Yes that is a sight/scope/bubble in the picture. And there appears to be a peep sight in the string, but a peep sight is not mandatory. Back in the spring I shot a Field round with a guy that used a scope but did not use a peep. He had a small knot served on his string that he anchored on his nose. He actually shot it very good.

By the way - welcome to AT

EDIT: After looking a little closer, I don't think that is a peep sight in the string - I believe it is a kisser button that would be positioned to come to rest at the corner of your mouth. Makes for a very good anchor point.


----------



## Spoon13 (Feb 20, 2007)

It really depends on how good (or bad) your eyes are. I have a clarifier in my peep so I can see the target clearly. A lot of folks don't need it. 

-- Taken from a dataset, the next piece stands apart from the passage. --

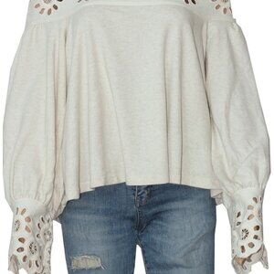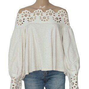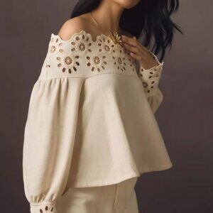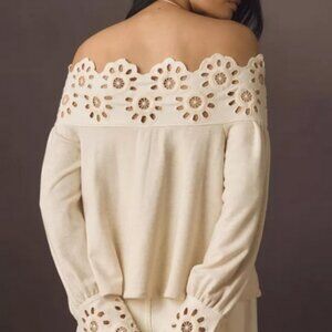 Anthropologie Maeve Eyelet Babydoll Blouse Top Off The Shoulder L

I would definitely try it with a low diopter. See what you can see and if it works. Then if you like it you can increase the diopter until it no longer works.

Good Luck with it and let us know how things work out.

:welcomesign:


----------



## psargeant (Aug 1, 2004)

I really like the way the IFAA does their equipment rules...much easier to understand than ours here in the NFAA...

here in the states, nobody who shoots recurve shoots with a "scope" with a level. In every case here, that would be not allowed in the recurve class, so shooting with a scope and level with a recurve would mean you would have to shoot against the compound shooters in Freestyle Limited.

FITA also does not allow scopes with levels and magnification in their tournaments on recurves. 

If all you are shooting is IFAA events, I would say go for it, but keep the magnification on the low side (2x-4x max), buy a good quality lens and a scope with as small a housing as you can find. The scope you're looking at would be a good one I think, but only comes in 4X, 6X and 8X...

If you plan on shooting FITA events, or coming to the states with that set up, be prepared to shoot with the compound guys...


----------



## NockOn (Feb 24, 2003)

Check Titan Scopes from Australia. http://www.titanscopes.com/recurve.php


----------



## janissk (Oct 20, 2010)

Thanks for the welcome!

I got convinced and ordered merlin scope  Ordered few kissers, and will experiment, and let's see how it will work!

I am aware that in FITA you can't use scopes with recurve. But that is ok, i dont do FITA shots, and if i want i can allways use old pin.
I found Titan scopes earlier, but couldnt find them in any online shop i am used to buy things. And I like looks Merlin Ten zone scope better.


----------